認知症110番

義母のトイレ

 義母(85歳)と長男夫婦の3人暮らしです。義母は、週3回デイサービスに通っています。物忘れがひどいのですが、歩行やトイレ、食事は自分でできますので日常生活はなんとか見守りながらできています。先日、少し食欲がなく、デイサービスの職員の方から「排便はいつありましたか」と聞かれましたが、自分でトイレにいっているので気にもしていませんでした。気になって様子を見ているのですが、把握できません。聞いてもチグハグな答えが返ってくるだけです。トイレは自分で流してしまうのでわかりません。体調を把握するにはどのようにしたらよいでしょうか。(長野県、長男の妻、60歳)

【回答】 「朝食後」の習慣づけを

 現在の日常生活ではお困りになっていないようですが、体調などを知るためには必要ですよね。しかし、ご自分でトイレに行けるので、そのことを気持ちよく続けてもらうことが大切ですね。トイレに行く様子や出てきたときのそぶりはいかがでしょうか。注意して見ていると、表情などが違うと思いますが、たとえば、朝食後にトイレに行かれたときなどはどうでしょうか。あるいは、トイレから出てこられたときにトイレの中の臭いをさりげなく観察してみてはいかがでしょうか。いずれにしても、ご本人のプライドを傷つけないことが一番大切です。
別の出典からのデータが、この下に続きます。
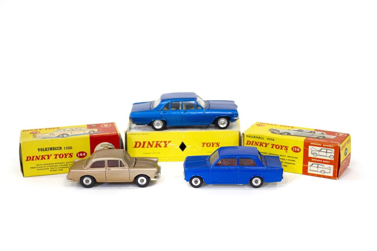 Une Vauxhall Viva (136), une Opel Admiral (513) et une Volkswagen 1500 (144), avec leur boîte.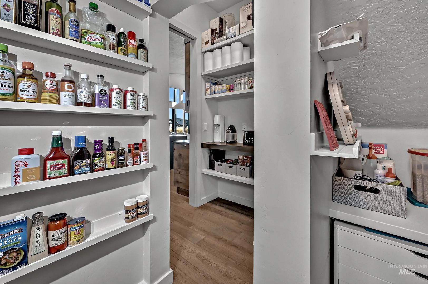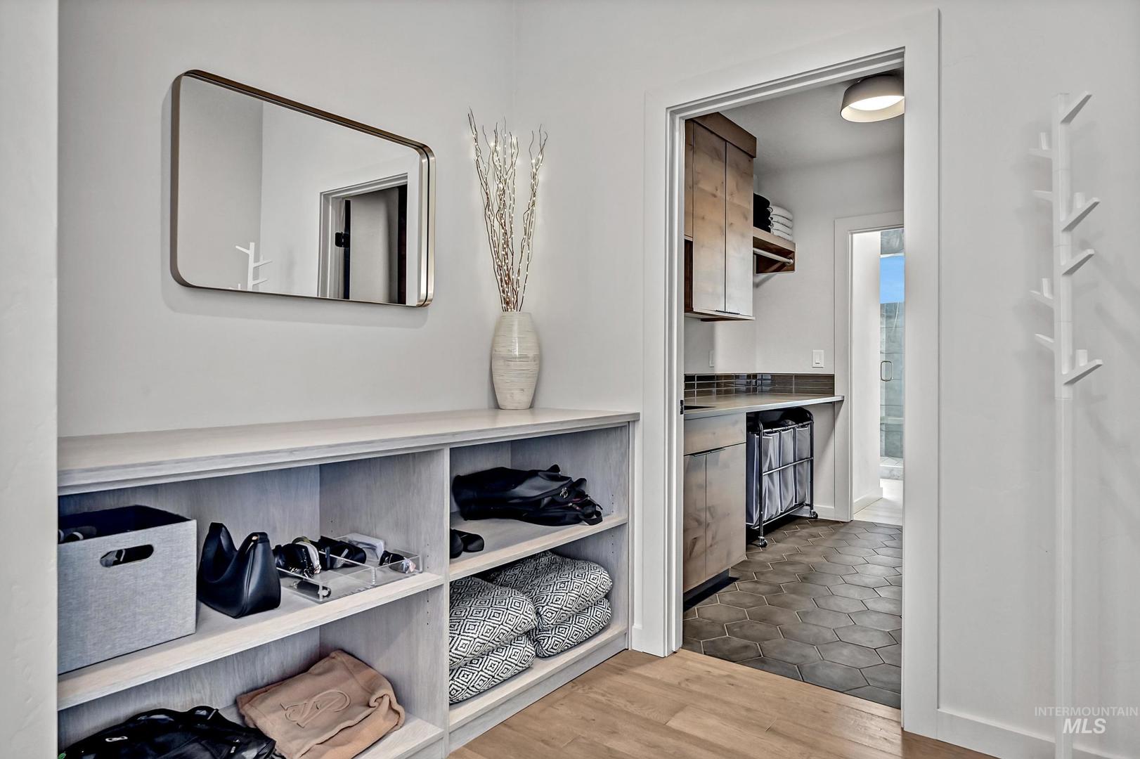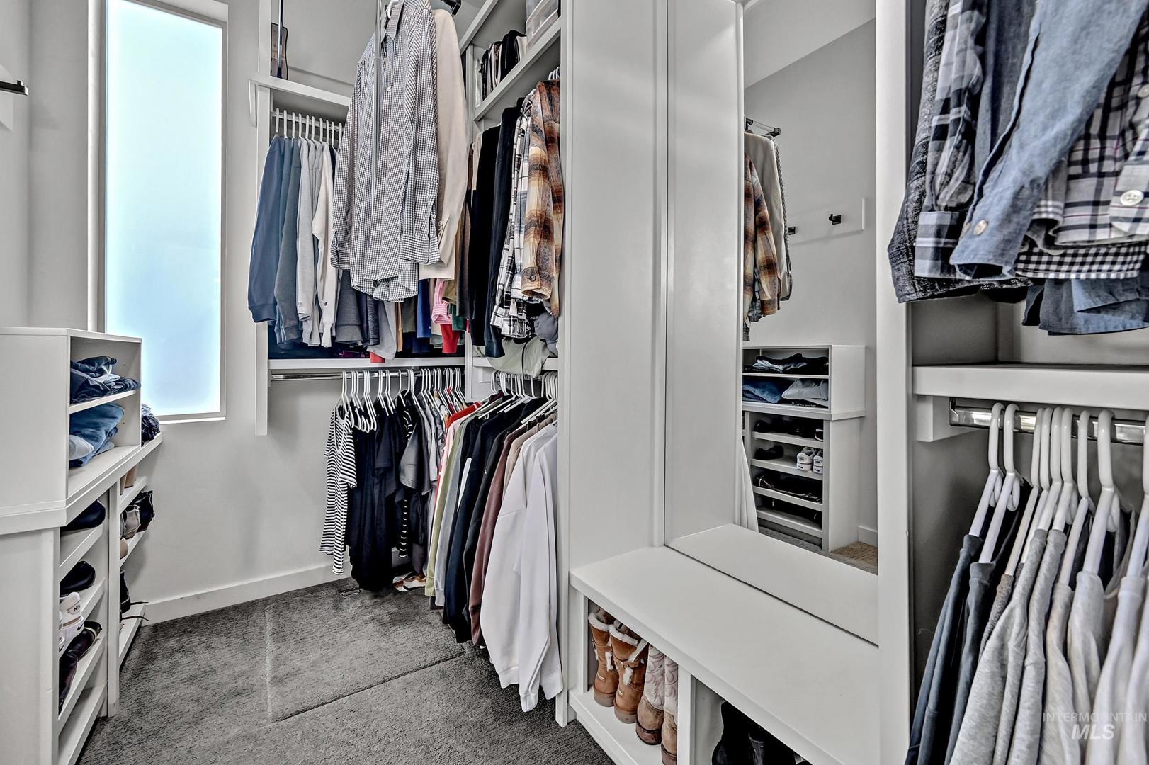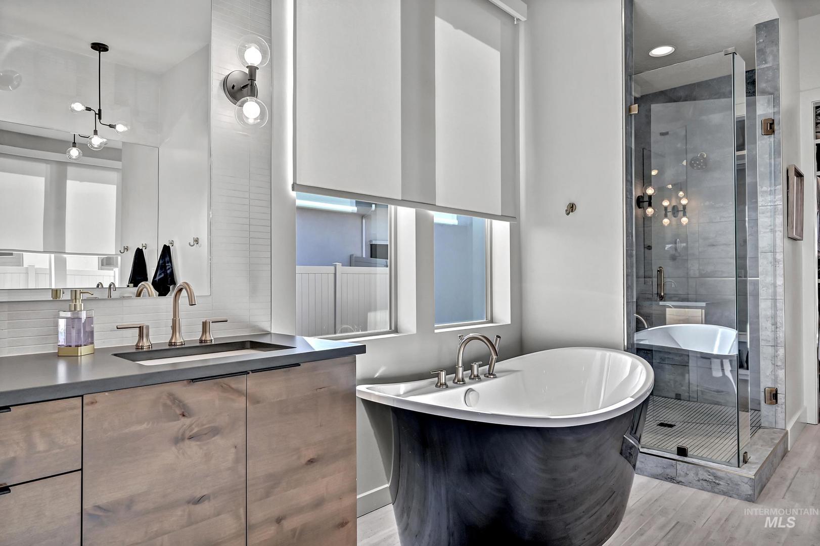 Striking architectural design defines this refined modern luxury home in Movado Estates, one of Meridian’s most desirable communities. The stunning main-level primary suite offers a private retreat featuring a spa-inspired bath with a freestanding soaking tub, walk-in shower, dual vanities, and a spacious walk-in closet. An adjoining laundry room adds everyday convenience. A second bedroom or office and full bath on the main level provide exceptional flexibility for guests or remote work. Designed for both daily living and entertaining, the chef-inspired kitchen showcases a large quartz island, premium cabinetry, high-end appliances, and a butler’s pantry. The open-concept great room features soaring 18-foot ceilings, expansive windows that flood the home with natural light, and a dramatic feature-wall gas fireplace. Enjoy seamless indoor-outdoor living with an expansive covered patio overlooking Five Mile Creek and captivating mountain views—perfect for relaxing or hosting gatherings. The upper level offers a spacious second great room, two additional bedrooms, a full bath, and versatile multi-use spaces—an ideal retreat for the younger generation or extended living. Additional highlights include abundant storage throughout, an oversized three-car garage, and the exciting potential for a future rooftop balcony to take full advantage of the surrounding views.

 言葉で言っても、忘れてしまうのですから、その場でできるように便が出たら自分で丸印をつける表などをトイレに張っておくのもひとつの方法でしょうが、嫌がるかもしれませんね。健康を維持するために便が出たかどうかを知ることが大切であることをわかってもらえれば、できるかもしれません。ご本人に聞くというよりも、自分でできる方法を考えてみましょう。

 いつまでも自分でトイレに行き、後始末までできることが大切なことですから、その流れのなかで嫌な気持ちになり、トイレにいくことを拒むようなことがないようにしないと逆効果になってしまいますので慎重に考えたいですね。いつまでもトイレを自分で続けられることを願っていても、加齢とともに身体機能は低下してくるのですから、排便のメカニズムを理解しておくことも大切です。食べものが胃に入ると胃・大腸反射が起こり、大腸が総蠕動運動を始め、便が直腸に送り込まれます。(生理学的に便意を感じるのは、便が直腸に入ってきたときです。)その結果、排便反射が起こり排便となります。これらは朝、副交感神経が働いているうちに起こりやすいので、朝食後が排便のタイミングに適しています。これを上手に活用すると排便の把握がしやすくなります。認知症が進んでくると便意をもよおしても、適切に行動が伴わないこともありますので、朝食後にトイレにいくことを習慣づけるようにしておくとよいでしょう。チェックするという姿勢ではなく、自然な雰囲気で行いましょう。

 また、食事の摂取量や食材にも影響されますので、食物繊維なども食べやすく工夫して、バランスよく食べてもらうようにしましょう。その際、「○○を食べると便通がよくなるよ」などという声かけではなく、「おいしいから食べてね」と強調しましょう。